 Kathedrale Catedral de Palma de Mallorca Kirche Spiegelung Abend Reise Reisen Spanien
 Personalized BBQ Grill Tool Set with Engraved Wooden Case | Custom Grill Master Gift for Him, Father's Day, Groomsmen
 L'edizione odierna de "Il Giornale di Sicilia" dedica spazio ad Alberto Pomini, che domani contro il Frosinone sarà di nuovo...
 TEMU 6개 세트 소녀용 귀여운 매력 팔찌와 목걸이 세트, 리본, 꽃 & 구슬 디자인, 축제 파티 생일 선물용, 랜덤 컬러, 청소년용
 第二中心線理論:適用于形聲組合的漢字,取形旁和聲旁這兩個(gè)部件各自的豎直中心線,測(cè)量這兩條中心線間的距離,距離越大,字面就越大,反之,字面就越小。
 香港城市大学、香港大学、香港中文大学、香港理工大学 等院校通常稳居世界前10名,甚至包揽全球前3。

* * *

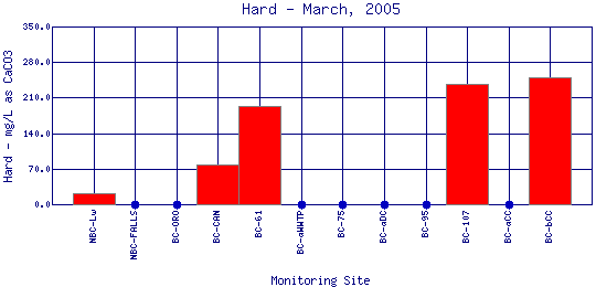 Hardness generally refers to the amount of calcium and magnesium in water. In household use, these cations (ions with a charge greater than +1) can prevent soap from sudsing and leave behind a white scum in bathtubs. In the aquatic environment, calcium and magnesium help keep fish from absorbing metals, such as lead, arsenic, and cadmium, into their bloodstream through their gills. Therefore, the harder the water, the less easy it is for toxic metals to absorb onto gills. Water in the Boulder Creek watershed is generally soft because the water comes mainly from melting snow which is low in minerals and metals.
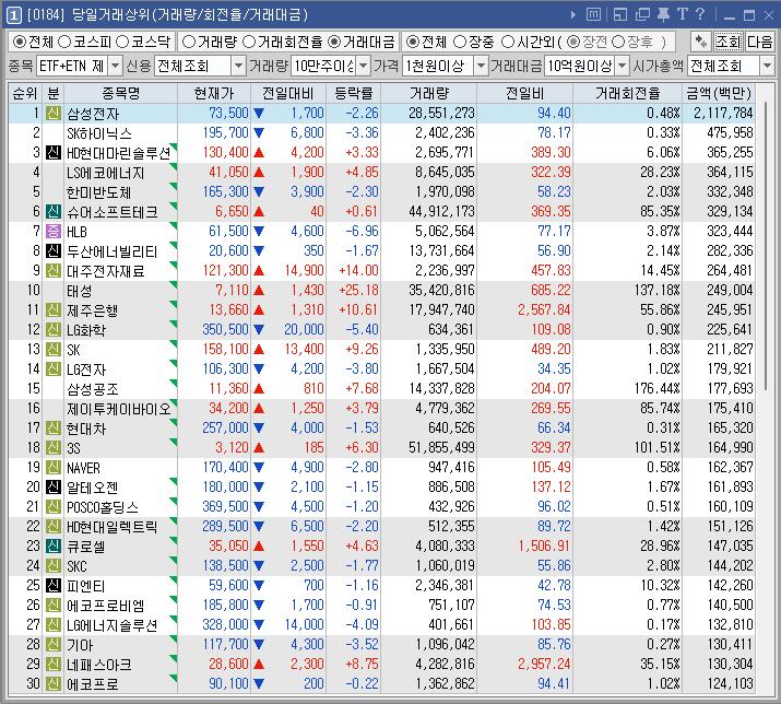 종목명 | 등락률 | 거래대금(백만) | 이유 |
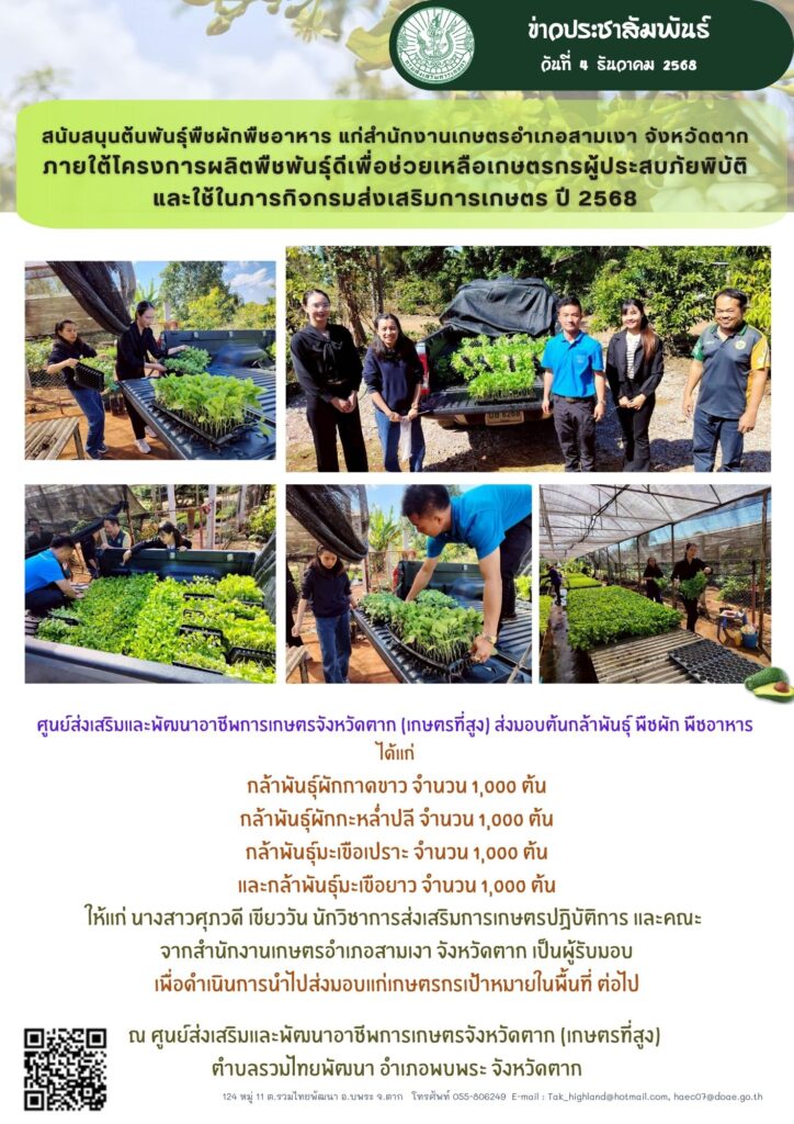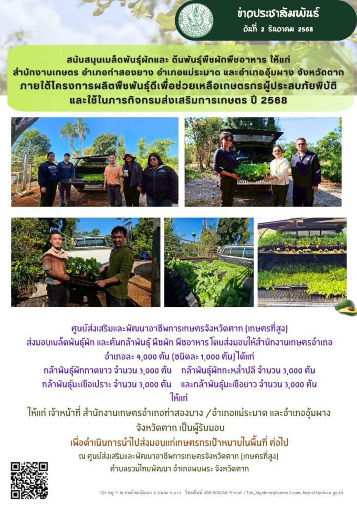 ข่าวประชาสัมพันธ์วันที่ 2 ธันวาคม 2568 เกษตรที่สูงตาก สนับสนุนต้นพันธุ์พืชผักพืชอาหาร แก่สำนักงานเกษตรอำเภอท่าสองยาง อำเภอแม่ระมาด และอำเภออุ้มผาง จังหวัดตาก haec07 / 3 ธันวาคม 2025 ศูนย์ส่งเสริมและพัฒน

__Your task__: Working from the data above, extract solely the lines from the one containing "Kathedrale Catedral de" through the one containing "Personalized BBQ Grill", exactly as they appear, both included.

__Expected answer__:
 Kathedrale Catedral de Palma de Mallorca Kirche Spiegelung Abend Reise Reisen Spanien
 Personalized BBQ Grill Tool Set with Engraved Wooden Case | Custom Grill Master Gift for Him, Father's Day, Groomsmen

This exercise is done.